> _Dataset excerpt_:
Start of Block
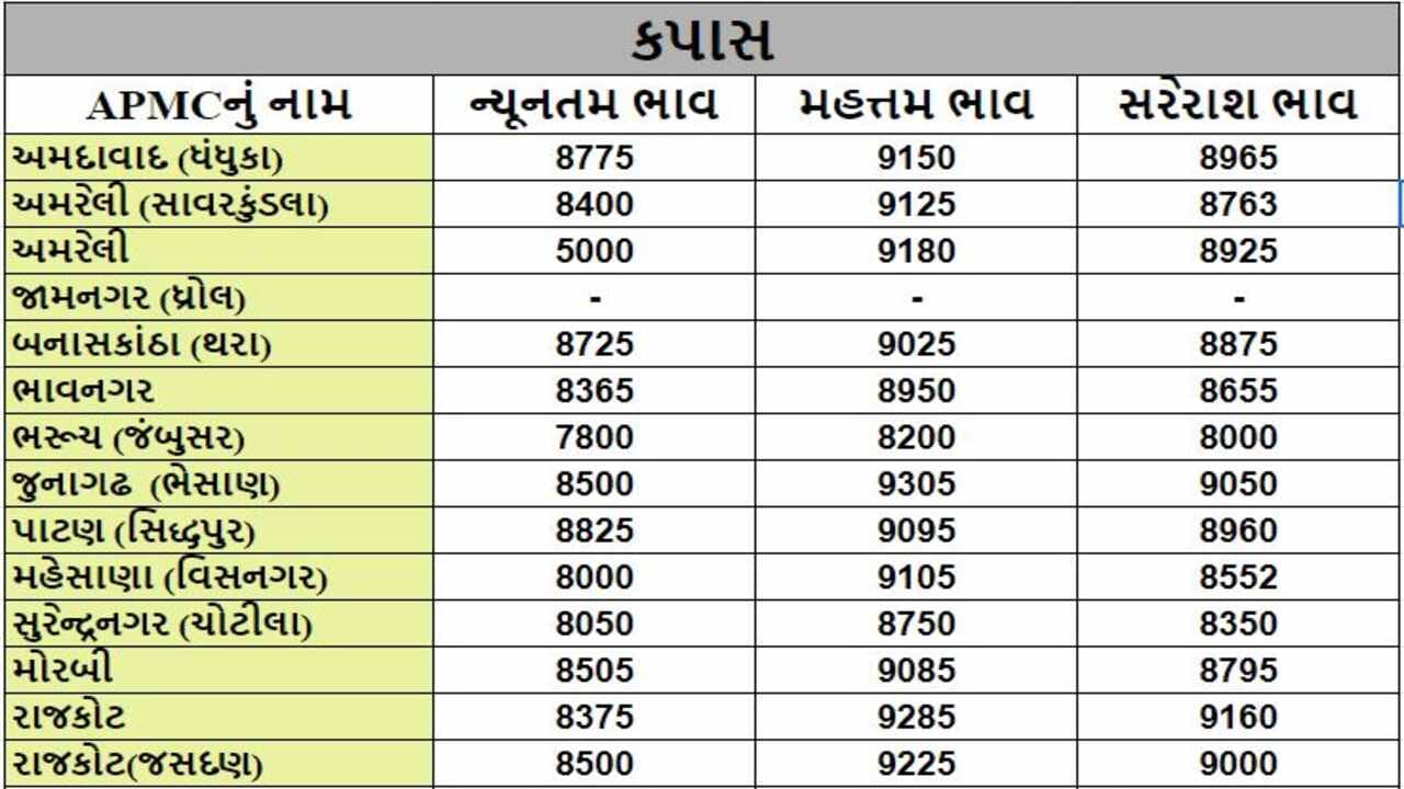 કપાસના તા.09-11-2022ના રોજ APMCના ભાવ રૂ.5000 થી 9305 રહ્યા.
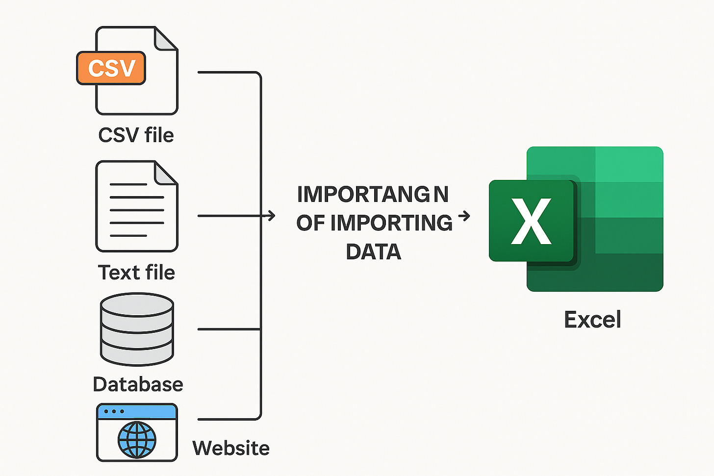 Importing data means bringing data from outside Excel – like from a file, folder, website, or another software – into Excel so you can work with it.
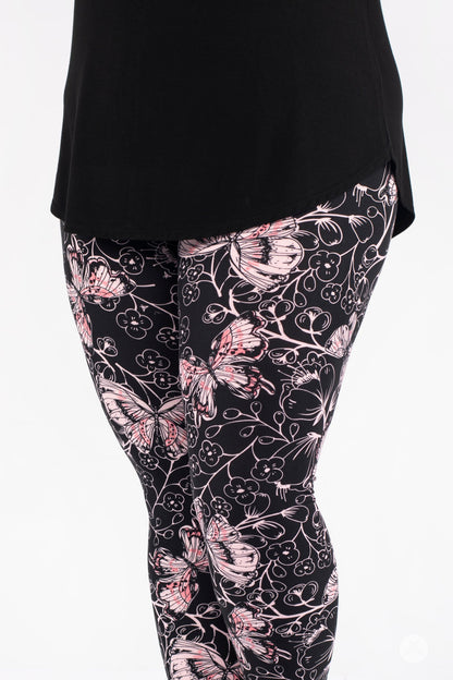 Butterfly Bliss 2.0 présente un motif papillon magnifique et fantaisiste dans des tons de rose sur fond noir.
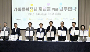 서울시가 가족을 돌보며 생계를 책임지는 청년들을 위해 기업·단체와 함께 다방면의 지원에 나선다. 서울시는 10일 오전 서울시청(3층 대회의실)에서 ▲미래에셋 박현주재단 ▲아름다운재단 ▲롯데백화점 ▲희망친구 기아대책 ▲한화생명 ▲월드비전과 가족돌봄청년 지원을 위한 업무협약(MOU)을 체결했다고 밝혔다. 이번 협약은 가족돌봄청년의 자산 형성, 심리 안정, 일상 돌봄을 지원하기 위한 민관 협력 모델로 기존 생계 지원을 넘어 지속 가능한 삶의 기반 마련을 목표로 한다.
End of Block
> _Instructions for the task_:
From the line with "Butterfly Bliss 2.0" to the last line above, restate each line word for word, but skip the pictures.

> _Result of the task_:
 Butterfly Bliss 2.0 présente un motif papillon magnifique et fantaisiste dans des tons de rose sur fond noir.
 서울시가 가족을 돌보며 생계를 책임지는 청년들을 위해 기업·단체와 함께 다방면의 지원에 나선다. 서울시는 10일 오전 서울시청(3층 대회의실)에서 ▲미래에셋 박현주재단 ▲아름다운재단 ▲롯데백화점 ▲희망친구 기아대책 ▲한화생명 ▲월드비전과 가족돌봄청년 지원을 위한 업무협약(MOU)을 체결했다고 밝혔다. 이번 협약은 가족돌봄청년의 자산 형성, 심리 안정, 일상 돌봄을 지원하기 위한 민관 협력 모델로 기존 생계 지원을 넘어 지속 가능한 삶의 기반 마련을 목표로 한다.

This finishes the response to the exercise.